Elle décrit notamment avec beaucoup de justesse ce monde post-2020 où la jeunesse est plus que jamais transformée en marchandise, voire en monnaie d’échange. Visionnaire, Allie Rowbottom avait dès 2022 (date de parution du livre aux États-Unis) imaginé la fascination des réseaux pour le “naturel”, nouvelle injonction contradictoire imposée aux femmes qui, comme Anna, ont modifié leur corps à coup d’injections et de bistouri : 

“Aujourd’hui, après la pandémie, la dictature, la révolution anti-woke et tout ce qui a suivi, Instagram a été rendu presque obsolète par le truc d’après. L’application survit uniquement grâce aux vieux, aux influenceurs IA et aux créateurs de contenu mégacélèbres et multiplateformes comme Erin et Jake. Nous, les gens normaux, nous sommes censés avoir redépassé l’esthétique.” (p. 258)
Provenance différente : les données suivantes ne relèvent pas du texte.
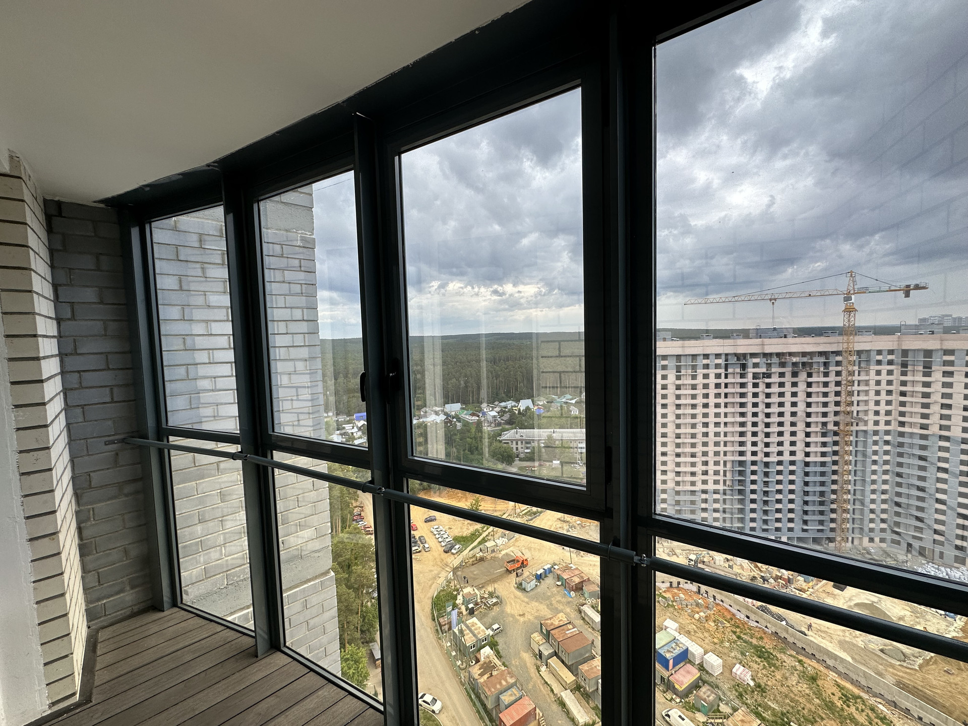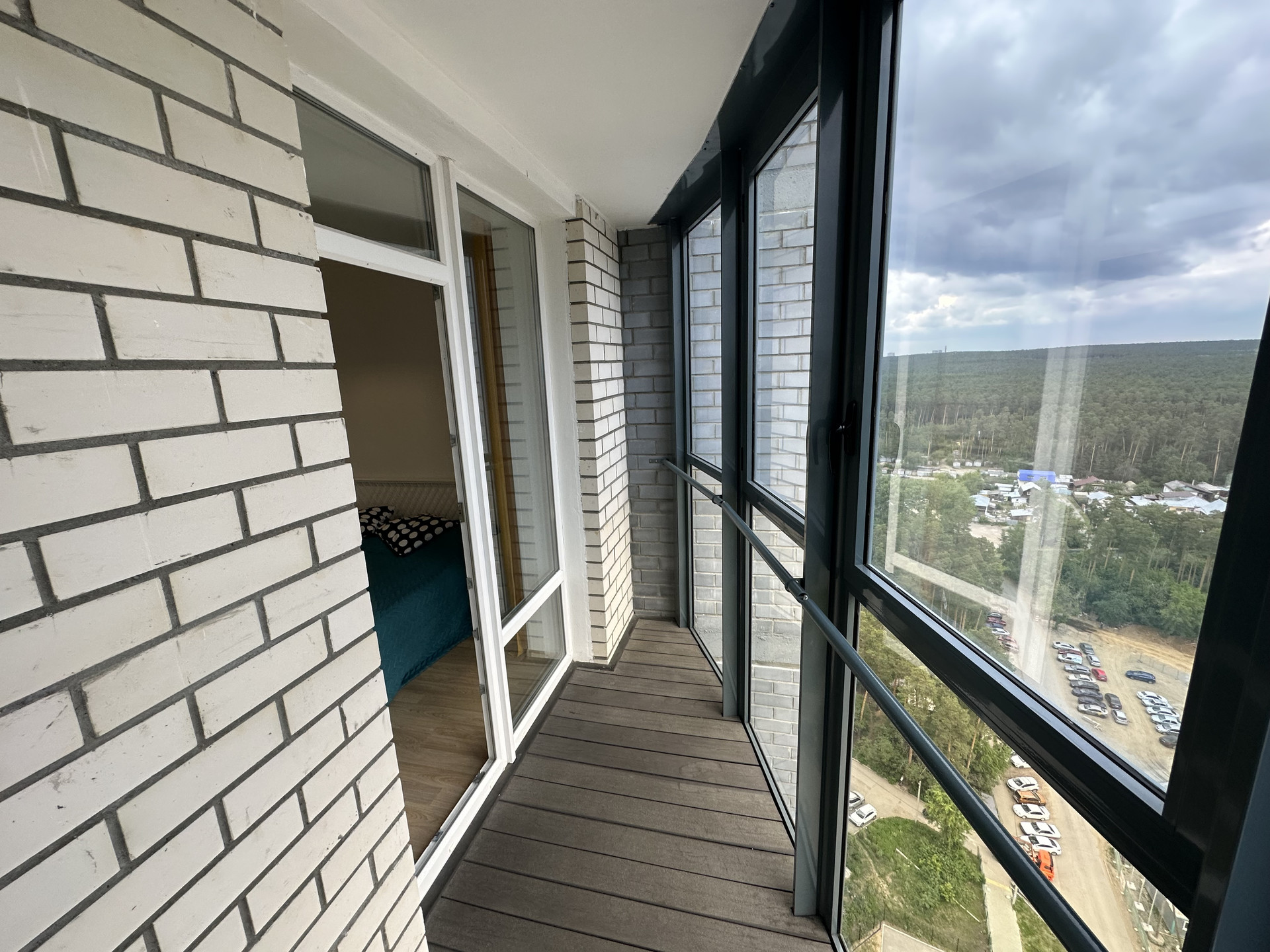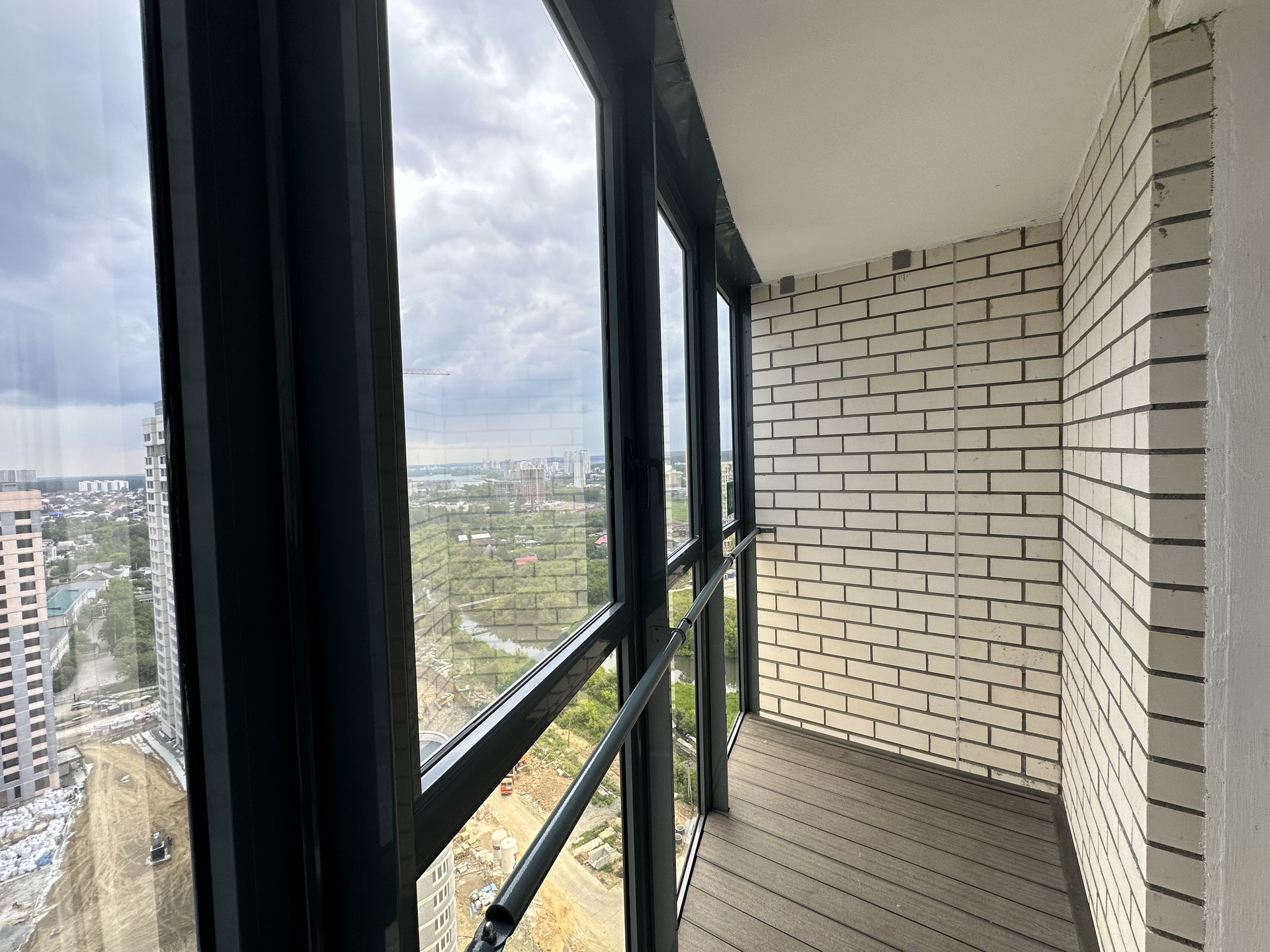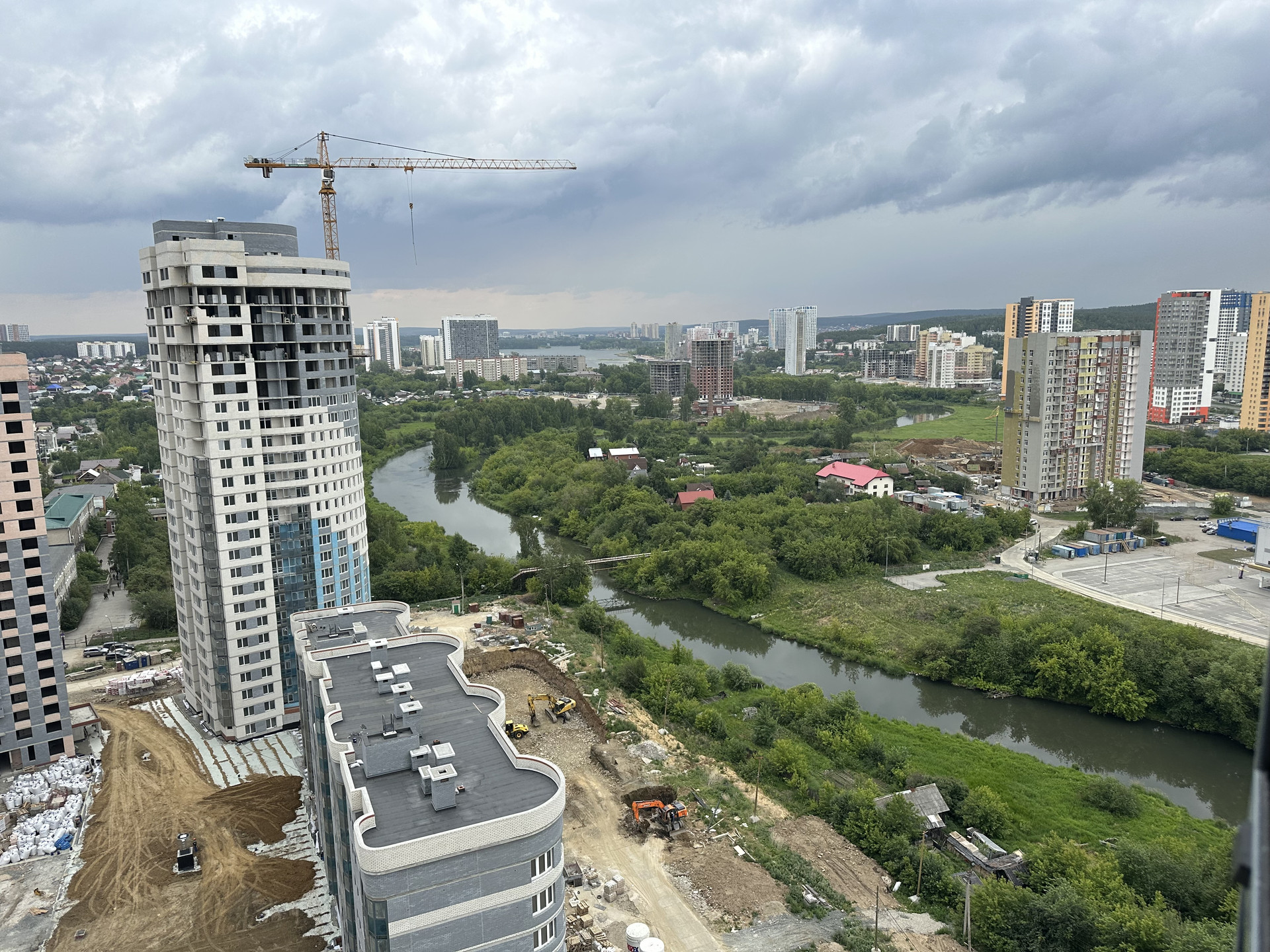 Из окон открывается красивый вид на реку, лес и городскую панораму.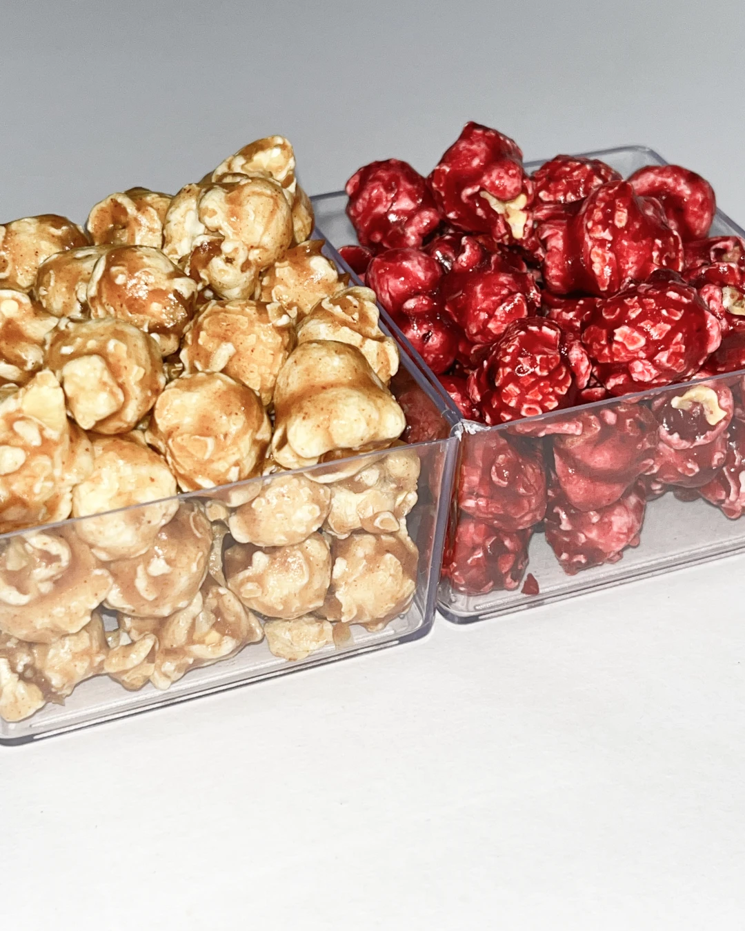 Caixinha de acrílico formato 4 x 4 x 8 cm contendo aproximadamente 40g de pipoca gourmet de diversos sabores e cores, com rótulo e lacre personalizado.

D’une époque à l’autre, Anna se raconte et déconstruit le mythe de l’ingénue comme celui de la vamp à travers un récit honnête, émouvant et sans complaisance : 

“Autrefois, je m’étais crue capable de me servir du pouvoir, des gens qui le possédaient, les hommes, pour m’immuniser contre la mort. Je disposais des privilèges qui viennent avec la santé, la jeunesse et la peau blanche. Et d’une autre chose béante que je prenais pour de la beauté.” (p. 309)

Le regard qu’elle porte sur son parcours, des confins de l’adolescence à l’âge adulte, et sa complexité, son ambivalence, propulse un récit impénitent qui maintient le lecteur sur une corde raide du début à la fin.